“But I don't want a job.”

“What you want, my lad, and what you're going to get are two very different things. There is man's work for you to do at Brinkley Court. Be ready to the last button in twenty minutes.”

“But I can't possibly be ready to any buttons in twenty minutes. I'm feeling awful.”

She seemed to consider.

“Yes,” she said. “I suppose it's only humane to give you a day or two to recover. All right, then, I shall expect you on the thirtieth at the latest.”

“But, dash it, what is all this? How do you mean, a job? Why a job? What sort of a job?”

“I'll tell you if you'll only stop talking for a minute. It's quite an easy, pleasant job. You will enjoy it.
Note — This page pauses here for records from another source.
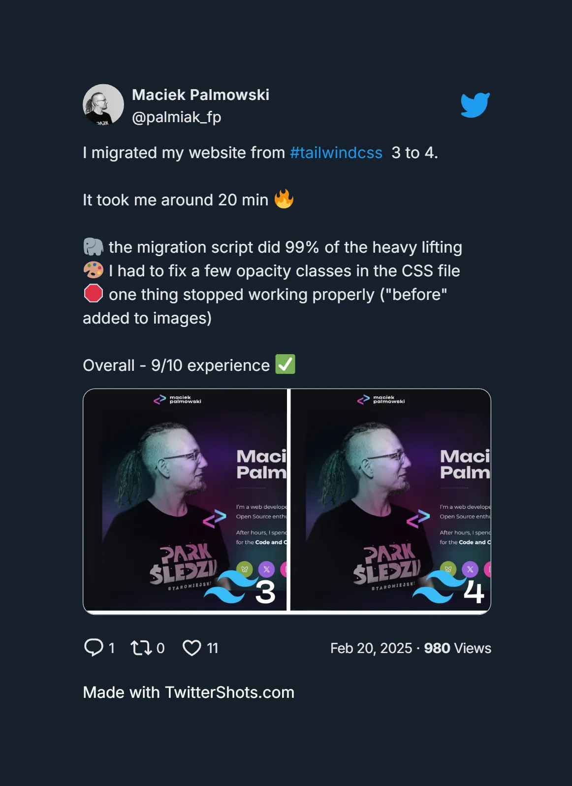 Overall the migration went smoothly. Running npx @tailwindcss/upgrade took care of most of the heavy lifting. I just had to change a few class names in the CSS file and I was done.
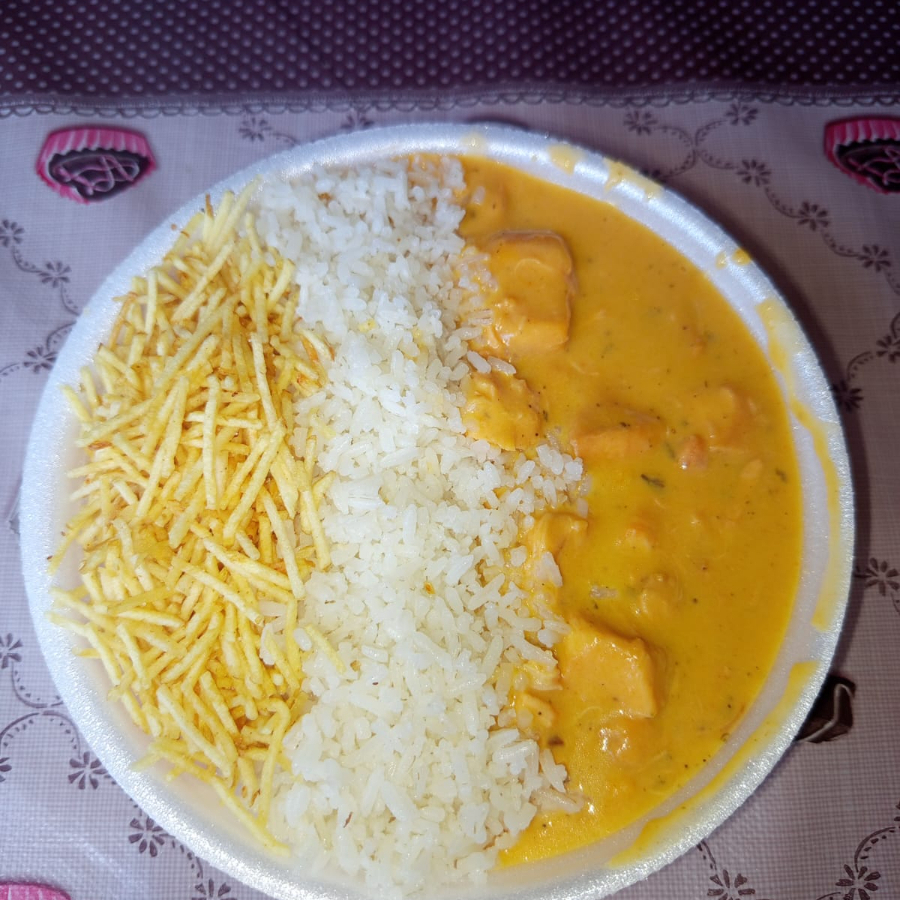 strogonoff de frango com Arroz branco e Batata Palha
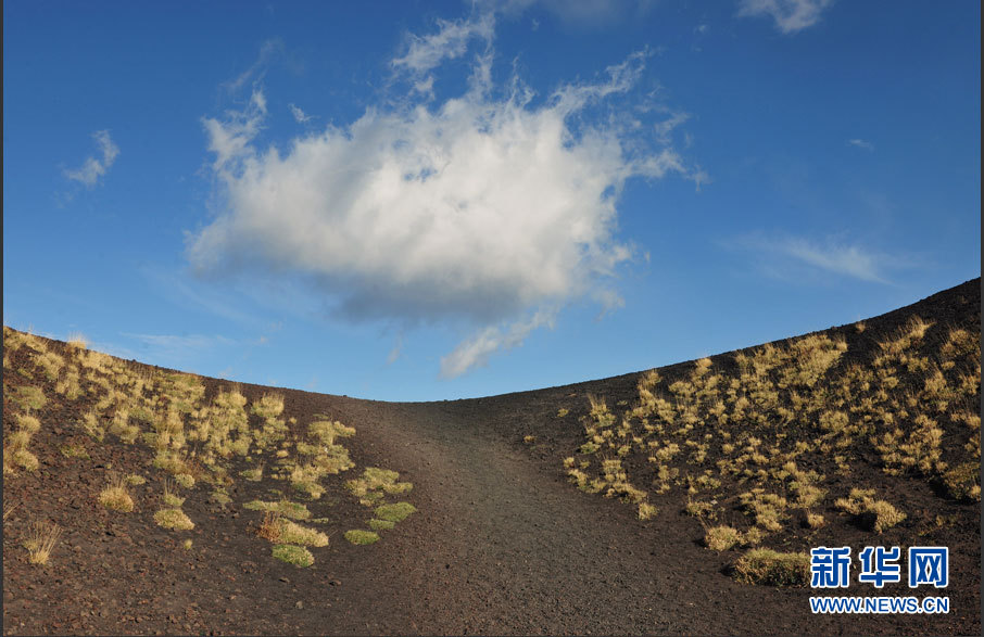埃特纳火山坐落于意大利西西里岛东岸,据传其名来自腓尼基语“attuna”(熔炉)。埃特纳是欧洲最高的活火山,目前海拔约3329米,其下部为一个巨大的盾形火山,上部为高约300米的火山渣锥。图为在埃特纳火山海拔约2900米处看到的火山渣锥。
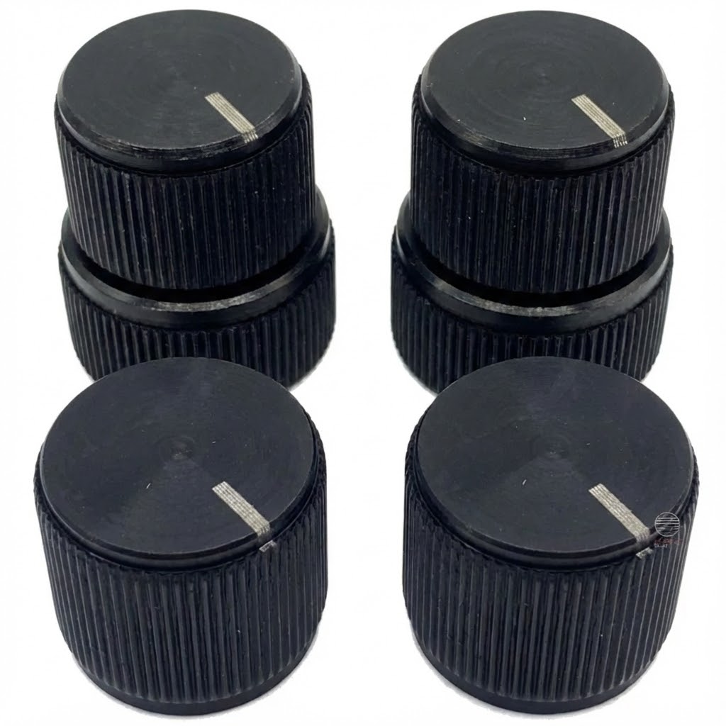 Kit com 2 Knobs 18mm + 2 Knobs Duplos em Alumínio para Baixo – Nova Parts (Cor: Preto 18mm)

Have you ever hard of Market Snodsbury Grammar School?”

“Never.”

“It's a grammar school at Market Snodsbury.”

I told her a little frigidly that I had divined as much.

“Well, how was I to know that a man with a mind like yours would grasp it so quickly?” she protested. “All right, then. Market Snodsbury Grammar School is, as you have guessed, the grammar school at Market Snodsbury. I'm one of the governors.”

“You mean one of the governesses.”

“I don't mean one of the governesses. Listen, ass. There was a board of governors at Eton, wasn't there? Very well. So there is at Market Snodsbury Grammar School, and I'm a member of it. And they left the arrangements for the summer prize-giving to me. This prize-giving takes place on the last—or thirty-first—day of this month. Have you got that clear?”

I took another oz. of the life-saving and inclined my head. Even after a Pongo Twistleton birthday party, I was capable of grasping simple facts like these.

“I follow you, yes. I see the point you are trying to make, certainly. Market ... Snodsbury ... Grammar School ... Board of governors ... Prize-giving.... Quite. But what's it got to do with me?”